Rethink Robotics outlines what manufacturers need to think about when making the leap into the world of cobots

Collaborative robots, or cobots, are providing manufacturers of all sizes with the capability to automate more than ever before. We know that getting up and running with a cobot quickly is a priority, to see results as soon as possible.

We’ve spent a lot of time in our customers’ factories, and many of our team members came from the manufacturing world themselves.

Here are our top five tips to getting started with cobots to ensure a quick deployment and increase in productivity and quality.

1. Identify and prioritise the right tasks: Cobots present manufacturers with automation opportunities for a variety of applications. Jobs that are mundane, repetitive, ergonomically challenging or high risk are typically ripe for cobot deployment.

We call them the dump, dull and dirty work. Tasks such as packaging, metal stamping, testing and quality inspection, and CNC machine tending, are all areas where a cobot can streamline operations and free humans to work on higher value functions.

Identifying these specific tasks and tackling them out of the gate will help ensure a smooth cobot deployment and drive results faster.

2. Educate and reassure your workforce: Employees might be initially sceptical about robots joining the team. Traditional manufacturing robots have worked apart from humans behind safety caging, but cobots are designed to be collaborative and they’re safe to work alongside humans.

Sawyer, for example, has high resolution force control on all of the arm joints, so it stops moving when it comes into contact with an object.

Workers may also worry about their job security – are these robots here to put me out of work? It’s important to communicate with employees that cobots won’t – and shouldn’t – replace human workers.

Rather, they are designed to handle the more monotonous, error-prone processes, allowing workers to handle the tasks that require more cognition, dexterity and reason.

The more workers know about their cobot teammates, the more likely companies are to maximise the benefits of this form of industrial automation.

3. Think 24/7/365: Cobots don’t need to sleep, or take lunch breaks or holidays. Productivity in the context of a cobot is different from a standard workforce, so it’s important to rethink planning and production schedules.

Cobots can perform overnight and lights out to add a third shift and have parts completed when workers arrive back at the facility.

Or they can fill positions in workcells that are hard to keep staffed so the production line does not have to stop and customer orders can be filled on time. With the possibility to rent Cobots through RobShare as artificial workforce planning becomes even easier and cost effective.

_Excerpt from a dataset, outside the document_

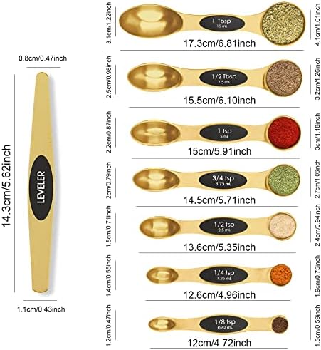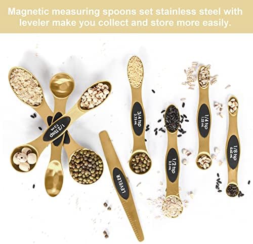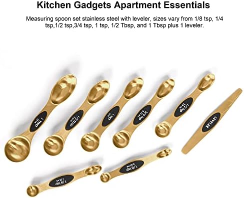 Home Essentials for New Home BIDFUL Magnetic Stainless Steel Measuring Spoons Set with Leveler, Easy to Read Teaspoon/Tablespoon and Measurements,features unique double-sided ktichen spoon heads for both dry and liquid ingredients.

4. Work with your cobot manufacturer/distributor: Your cobot manufacturer and distributor know the best practices for cobots – what tasks are ideal, which grippers are most suited to the application, and how to deploy for a specific environment.

To speed deployment and start seeing positive impacts sooner, draw on the expertise of these partners from the beginning, utilise the training tools and courses they offer, and use them as valuable resource in getting your collaborative robot running effectively, faster.

5. Learn from your peers and your employees: Collaborative robots are extremely versatile and adaptable. They’ve already been put to work in plastics, contract packaging, metal fabrication, logistics, and electronics manufacturing, just to name a few.

Your industry may have unique challenges – explore how others like you have implemented collaborative robots. Cobots are also meant to work alongside people, and this proximity will inspire your employees to find new ways to work with cobots, different processes for improving production results, and new opportunities for cobot deployments.